2026 yılı için taban aylığa 1000 TL, ek olarak %10+6; 2027 yılı için ise %4+4 oranında zam teklif edildiğini hatırlatan Keleş “Bu oranlar ne mutfaktaki yangını söndürür ne de memura nefes aldırır. Kiraların maaşları geçtiği bir ülkede bu teklif, kamu çalışanına reva görülemez. Bu nedenle bu teklife hayır diyoruz. Bu teklif milyonların alın terini yok saymaktır” dedi.

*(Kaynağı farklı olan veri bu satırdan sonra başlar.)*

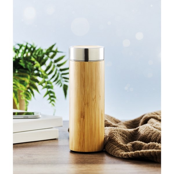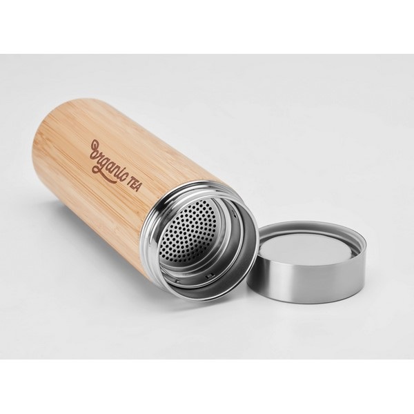 Dvojstenná nerezová fľaša s bambusovým povrchom a izolačným vákuom. 400 ml, prídavný čajový infuzer. Bambus je prírodný materiál a preto sa môže farba produktov mierne líšiť.
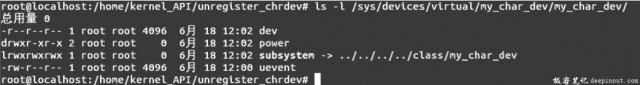 执行命令ls -l /sys/devices/virtual/my_char_dev/my_char_dev查看逻辑设备目录,出现如图D所示的结果。
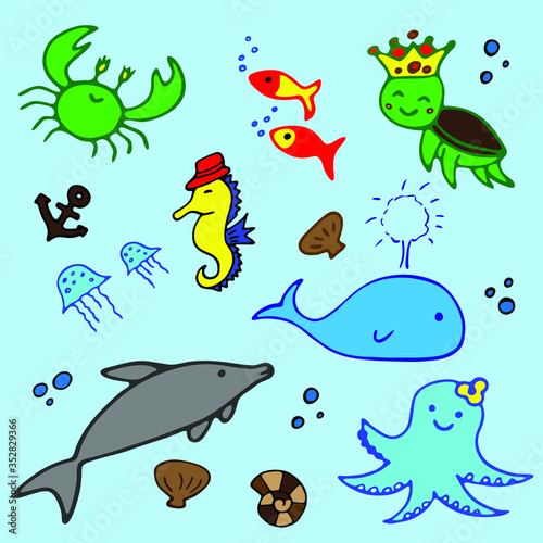 Fototapeta premium Sea animals vector set. Sea life cartoon set.
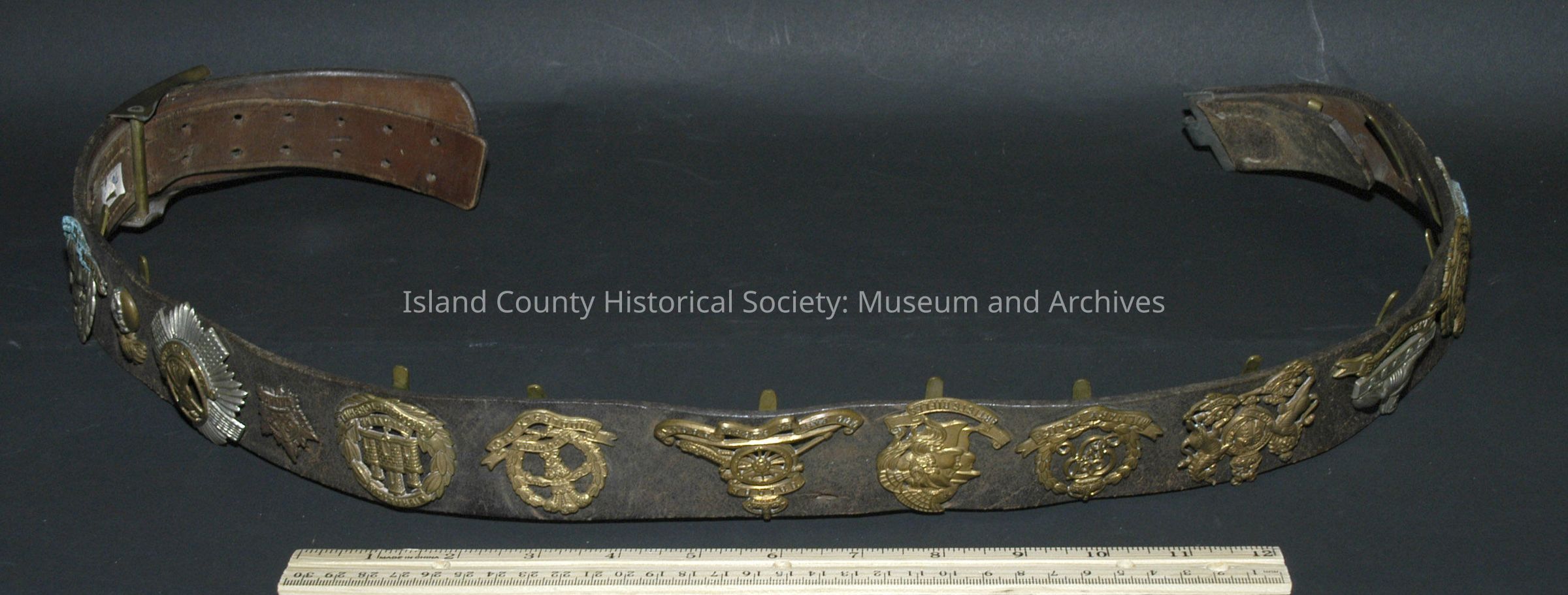 Belt - German officier's lined with regimental brasses - mostly English.

Artan enflasyon, fahiş kira ve temel tüketim fiyatlarının kamu çalışanlarını ve emeklileri zora soktuğunu vurgulayan Keleş “Akaryakıttan vergilere, market fiyatlarından öğrenci servis ücretlerine kadar her kalemde artış yaşanırken, memur maaşları yerinde sayıyor. Büyükşehirlerde memur barınamıyor. Görev yerleri boş kalıyor çünkü maaşla kira artık yarışamıyor. Kamuda aynı işi yapan, benzer eğitim düzeyine sahip çalışanlar arasında statü farklarından kaynaklanan gelir uçurumu var. Eşit işe eşit ücret ilkesi hiçe sayılmaktadır. Adalet, hakkaniyet istiyoruz. Aynı işi yapıp farklı maaş alan çalışanlar var. Bu durum çalışma barışını tehdit ediyor. Bu ülkenin yollarını yapan, elektriğini getiren, yangınlarla savaşan, çocuklarımızı eğiten, gecesini gündüzüne katan kamu çalışanları olarak hakkımızı istiyoruz. Biz Türkiye Yüzyılı vizyonuna yakışan bir kamu düzeni talep ediyoruz” diye konuştu.
TALEPLER: %88,6 VE %45,2 ZAM,
EK GÖSTERGE, SOSYAL HAKLAR
Türk Sağlık-Sen’in toplu sözleşme masasına 2026 yılı için %88,6; 2027 yılı için %45,2 oranında zam talebi sunduğunu aktaran Keleş, ancak karşılarında enflasyon hedeflerine sıkışmış, masa başında hesaplanmış bir teklif bulduklarına işaret ederek “3600 ek gösterge düzenlenmemeli. Reel maaş artışı ve refah payı, Vergide adalet, Bayram ikramiyesi, Yardımcı hizmetlilerin sorunlarının çözülmesi, Kira, ulaşım, yemek ve ısınma yardımı gibi sosyal hakların hayata geçirilmesi de taleplerimiz arasında yer alıyor. Her gün canla başla çalışan kamu çalışanlarıyız ama hak ettiğimiz ücreti alamıyoruz. Bugün hizmet üretmiyoruz, sesimizi duyuruyoruz. Bize masa başı rakam değil, yaşadığımız hayatın karşılığı olan bir ücret gerekiyor. Bu sadece memurun değil, tüm milletin mücadelesidir. Hakkımızı alana kadar buradayız. Kazandığımız her hak, hepimizin ortak zaferi olacaktır” şeklinde konuştu.